De inwoners van de Republiek waren woedend en in paniek. Vertwijfeld gingen ze op zoek naar schuldigen en vonden die in raadpensionaris Johan de Witt en zijn broer Cornelis. In de ruim twintig jaar dat zij aan de macht waren, bereikte de Republiek haar hoogtepunt in de Gouden Eeuw en won het verschillende zeeoorlogen, denk bijvoorbeeld aan de tocht naar Chatham. De gebroeders De Witt werden er nu ervan beschuldigd het land te hebben verkocht aan Frankrijk en expres het leger te hebben verwaarloosd. Door de wekenlange demonisering van de broers heerste er een uiterst gewelddadigestemming onder de menigte, wellicht opgehitst door de Orangisten. Als gevolg hiervan werden de gebroeders De Witt op een gruwelijke wijze vermoord. Johan werd al snel doodgeschoten en Cornelis werd doodgeslagen met geweerkolven. Hierna kreeg het gepeupel de gelegenheid om zich uit te leven op de twee lichamen. Niet alleen de kleding werd van huh lijf gescheurd, ook werden verschillende vingers, hun tongen neuzen, tepels en geslachtsdelen afgesneden. Volgens sommige was er zelfs sprake van kannibalisme en zou een deelnemer een oog hebben doorgeslikt,met de mededeling: ‘Morgen schijt ik het wel weer uit.’ De twee lichamen werden vervolgens ondersteboven opgehangen aan de wipgalg.

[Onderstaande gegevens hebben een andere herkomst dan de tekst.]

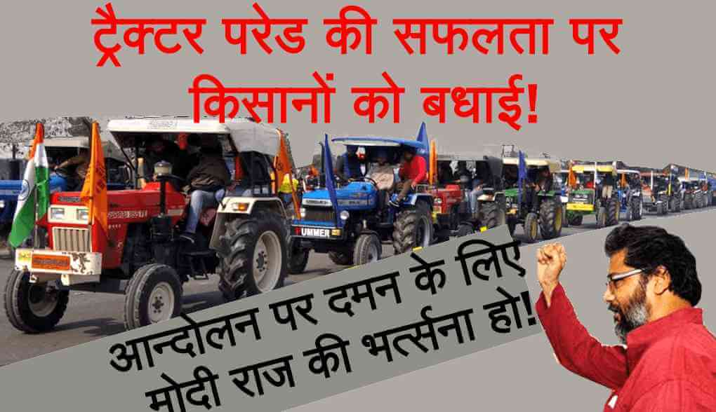देश के सभी कोने कोने से आये लाखों किसानों ने अश्रु गैस के गोले, पुलिसिया लाठीचार्ज समेत भारी दमन के बीच अपने ट्रैक्टरों पर सवार हो शान से तिरंगा लहराते हुए सड़कों पर आ कर भारत गणराज्य की लोकतांत्रिक भावना का उत्सव मनाया है. इस हिम्मत और दृढ़ निश्चय के लिए देश के किसान बधाई के पात्र हैं. हम पुलिस दमन की भर्त्सना करते हैं जिसमें एक किसान की जान चली गई.

Onder andere hun tongen, neuzen, tepels en geslachtsdelen werden afgesneden
Intussen kwam de macht in handen van de nieuwe stadhouder prins Willem III, die de strijd tegen de Engelsen, Fransen en bisdommen op zich nam. Door de verloren zeeslagen lagen de Engelsen al vroeg uit de strijd en sloten in 1674 vrede met de Republiek. De Republiek kreeg bovendien steun van Heilig Roomse Rijk, Spanje en Brandenburg-Pruisen. Uiteindelijk moesten ook de Fransen zich terugtrekken, omdat hun aanvoerlijn langs de Rijn werd bedreigd. Frankrijk moest het daarnaast in zijn eentje opnemen tegen de Republiek en haar bondgenoten. Om niet in de rug aangevallen te worden door de bondgenoten van de Republiek, trokken de bisdommen zich eveneens terug. Uiteindelijk werd met de Vrede van Nijmegen in 1678 de Hollandse Oorlog beëindigd.